All of this “bailout” talk is going to go the same way as the ridiculous amnesty debates, with the proponents denying the correct word be used to describe the situation and trying to dance away with some idiotic euphemisms that serve to hide the truth.

progressoverpeace on January 2, 2009 at 7:34 AM

SO freedom of the press means the taxpayer has to keep them alive, eventhough they are aligned with one political party. Freedom of religion, however, means eradicating every last vestage of Christianity from public life.
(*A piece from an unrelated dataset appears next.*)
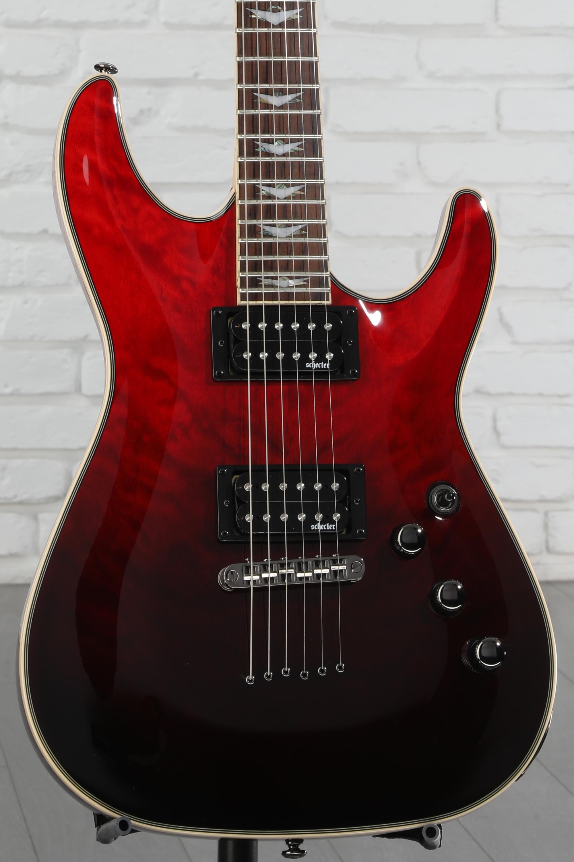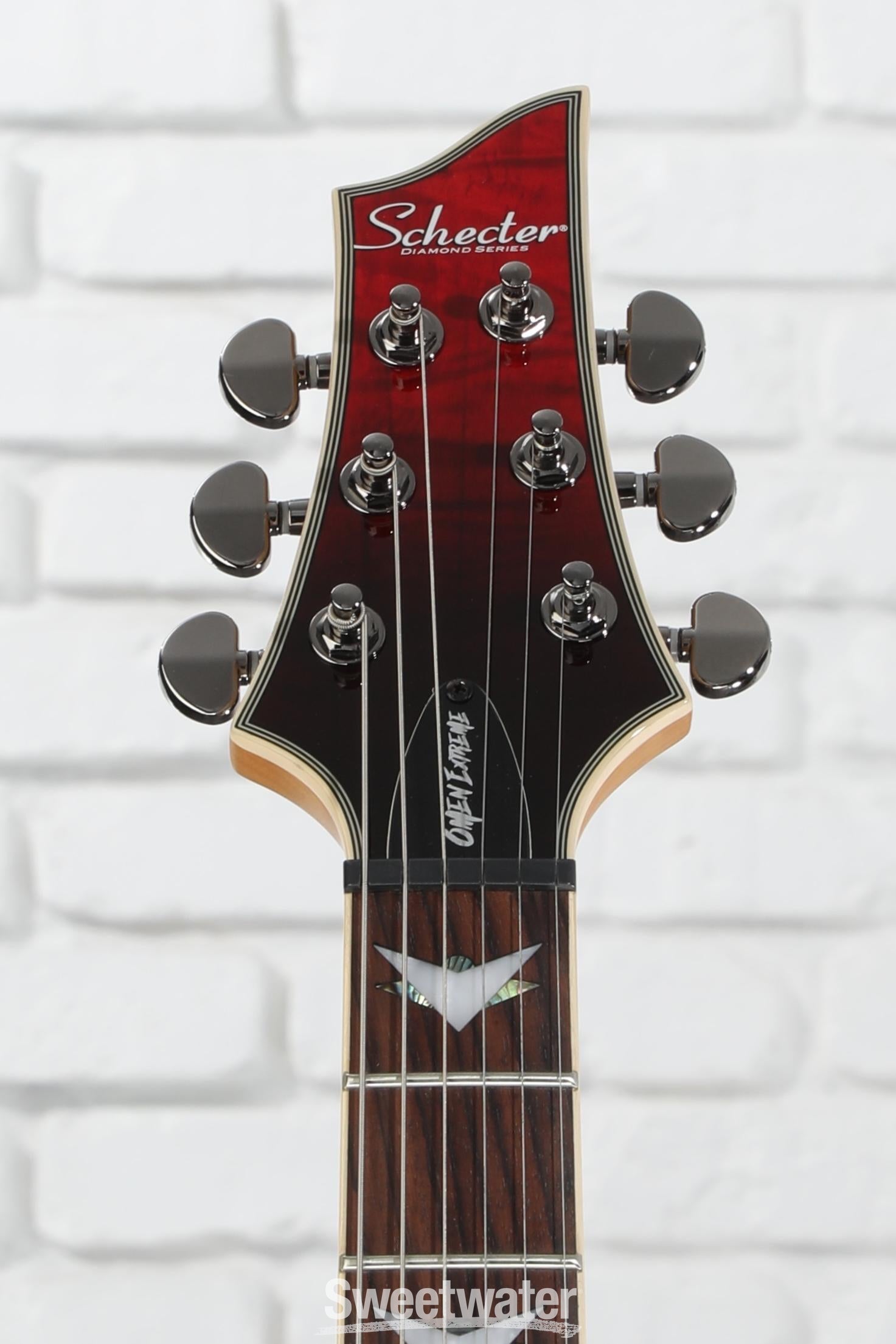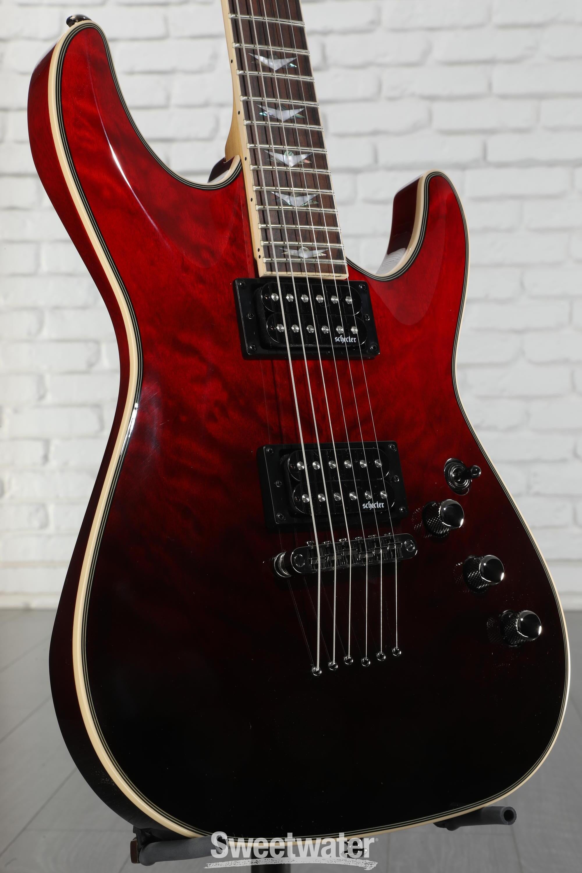 If you've been searching for a dual-humbucker shred machine that plays right, sounds great, and doesn't break the bank, then you can be sure the Schecter Omen Extreme-6 checks all the right boxes. Its thin "C" maple neck with flat-radius rosewood fingerboard and 24 jumbo frets lay the foundation for everything from fast runs to finger-tapping exploits. Its joined by a stunning quilt maple-topped mahogany body with a deep gloss finish and multi-ply crème binding, giving this axe tons of presence under stage lights. Sonically, the Omen Extreme-6's capable Diamond Plus humbuckers with push-pull coil splits provide you with six pickup sounds for claiming your space in a mix. On the hardware side, you get a tuning-stable string-through body with Tune-o-matic bridge and black chrome Schecter tuners to help you look and sound your best in any performance setting. If you're looking for a springboard into technical and aggressive styles of playing, Sweetwater guitar players recommend the Omen Extreme-6 for beginners and intermediate players alike.

Spartacus on January 2, 2009 at 7:37 AM

All of this “bailout” talk is going to go the same way as the ridiculous amnesty debates, with the proponents denying the correct word be used to describe the situation and trying to dance away with some idiotic euphemisms that serve to hide the truth.

progressoverpeace

“He who controls the language, controls the debate.” ~ Unknown

RickZ on January 2, 2009 at 7:42 AM

I just saw a job opening on the CT Dept of Labor website for someone to work in the new Ministry of Truth. Must have rewrite experience, memory hole training to be provided.

rhodeymark on January 2, 2009 at 8:22 AM

Maybe CT thinks the term “Free Press” refers to the best cost of a newspaper, instead of to the media’s ties to government.

hawksruleva on January 2, 2009 at 10:36 AM

It does not mean that the content will be at the behest of the government. It only means that the papers will be saved.

sethstorm on January 2, 2009 at 4:08 AM

So, if someone is giving you money on a regular basis, you don’t treat them any differently? Human nature and the fundamental principles of economics indicate otherwise. Here’s an easy example. How will those newspapers react to the CT legislature bailing out OTHER industries, after they’re being paid by the CT government? Are the chances good that reporters, who owe their continued employment to the government, will criticize the government for spending taxpayer’s money in this way?

Or, how deep will an investigative reporter dig when an issue comes up about Nicastro, or one of the bill’s supporters? “Let’s see, if I write this story, I can expose corruption and waste. But this guy saved my job….”

hawksruleva on January 2, 2009 at 10:45 AM

Govt funded newspapers will collectively form the Ministry of Information. What doesn’t appear in them never happened, what apears in them is The Truth.

Want a preview? Pick up your kid’s public school history book sometime and read just a few pages. You’ll be asking yourself, Did we lose a war?